I also decided to make a C client built on top of libuv for convenient event loop.

In my C client, there is no HTTP library so we’re making TCP connections from the start. It works well by creating a connection for each request so it doesn’t have the problem (more like feature :-) of the Go client. But when it finishes reading response it stucks and doesn’t return the control to the event loop until the very long timeout.

Here is the response reading callback that seems stuck:

static void on_read(uv_stream_t* stream, ssize_t nread, const uv_buf_t* buf)
{
    if (nread > 0) {
        printf("%s", buf->base);
    } else if (nread == UV_EOF) {
        log("close stream");
        uv_connect_t *conn = uv_handle_get_data((uv_handle_t *)stream);
        uv_close((uv_handle_t *)stream, free_close_cb);
        free(conn);
    } else {
        return_uv_err(nread);
    }

    free(buf->base);
}

It appears like we’re stuck here and wait for some (quite long) time until we finally got EOF.

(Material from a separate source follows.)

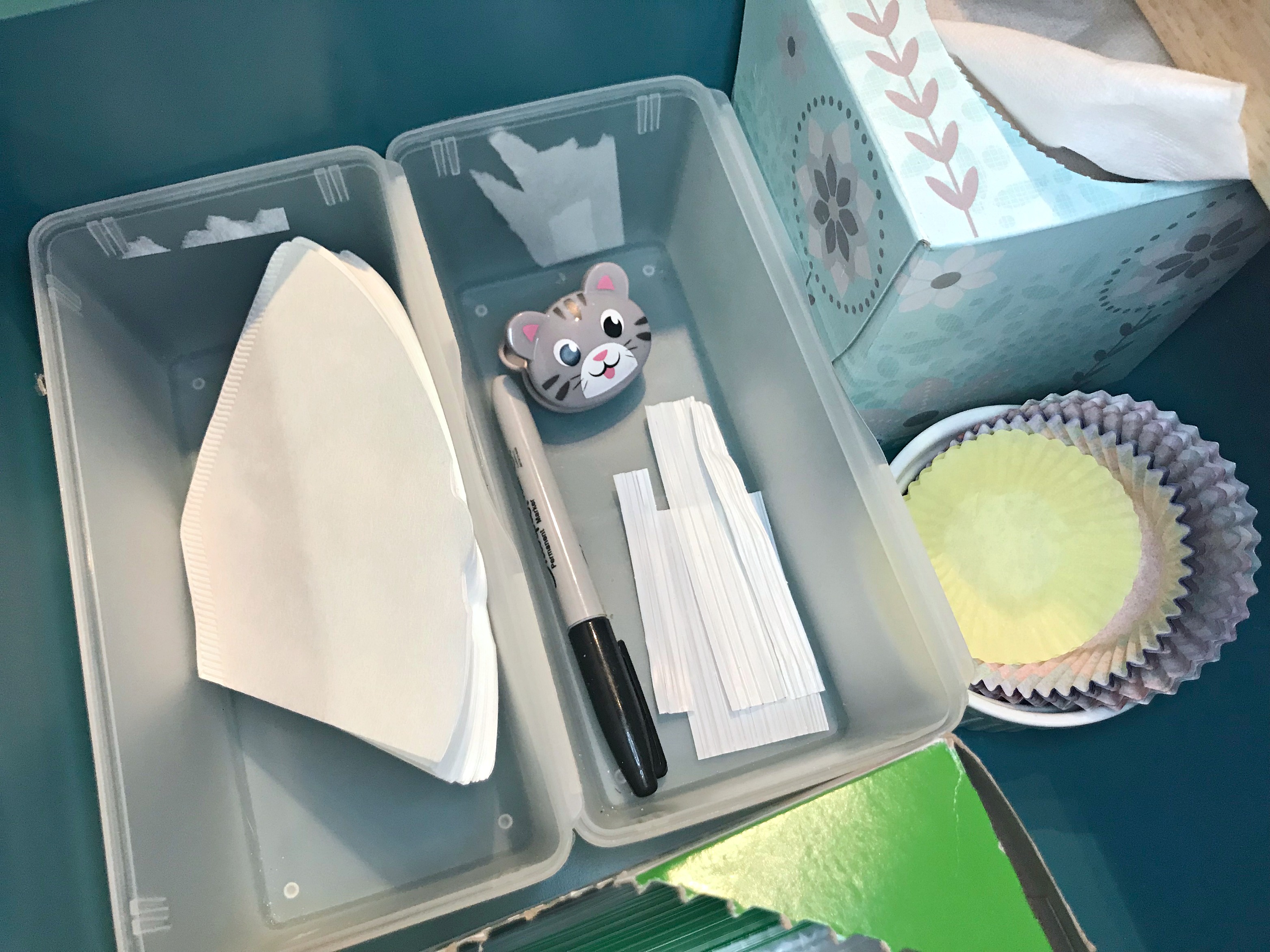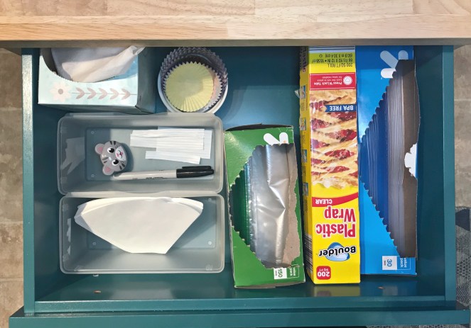 This is what it looks like from overhead – it’s uncluttered so I can easily see what I need. I have plastic wrap, foil, freezer & sandwich bags, coffee filters, extra chip clips and twist ties, a marker for writing on the freezer bags and a box of tissues. Those are things I reach for at least once a day (most days).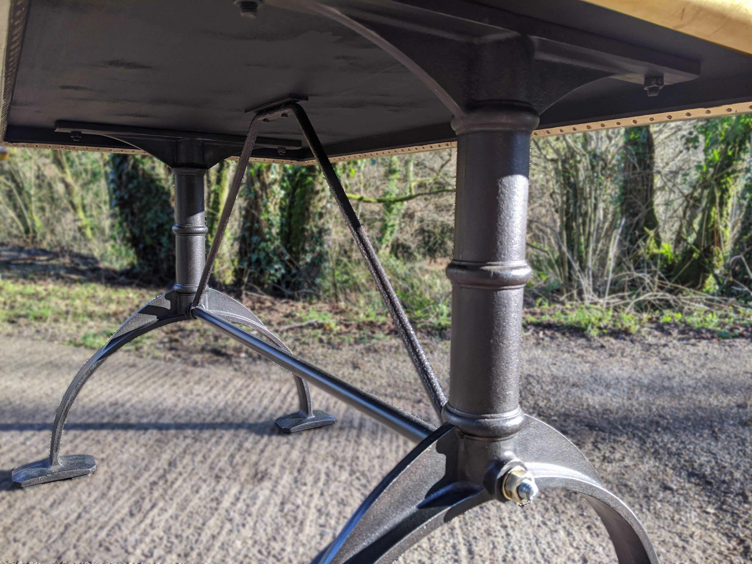 Measuring 1.4m in length (our standard tables measure between 1.8m and 2.3m) and with cast iron bases, this bespoke dining table was hand wrapped in sheet brass, and shaped to create the bull-nose edges. These soft sweeping curves are achieved by cutting the copper precisely at the corners, then forming and soldering them together (a little bit like segments of an orange) to create beautifully wrapped curved edges and corners. Hand-swaged joints are incorporated to form the unique body of the table top. (We joint the top to reduce the visible effects of expansion of the metal caused by temperature changes within the room.) The patinated finish is bespoke, creating its own engaging and individual personality.

This “quite long time” is actually HTTP keepalive timeout set in nginx and by default it’s 75 seconds.

We can control it on the client though with Connection and Keep-Alive HTTP headers which are part of HTTP 1.1.

And that’s the only sane solution because on the libuv side I had no way to close the convection – I don’t receive EOF because it is sent only when connection actually closed.

So what is happening is that my client creates a connection, send a request, nginx replies and then nginx is keeping connection because it waits for the subsequent requests. Tinkering with libuv showed me that and that’s why I love making things in C – you have to dig really deep and really understand how things work.

So to solve this hanging requests I’ve just set Connection: close header to enforce the new connection on each request from the same client and to disable HTTP keepalive. As an alternative, I could just insist on HTTP 1.0 where there is no keep-alive.

Now, that it’s creating lots of connections let’s make it keep those connections for a client-specified delay to appear a slow client.

How to make it slow

I needed to make it slow because I wanted my server to spend some time handling the requests while avoiding putting sleeps in the server code.

Initially, I thought to make reading on the client side slow, i.e. reading one byte at a time or delaying reading the server response. Interestingly, none of these solutions worked.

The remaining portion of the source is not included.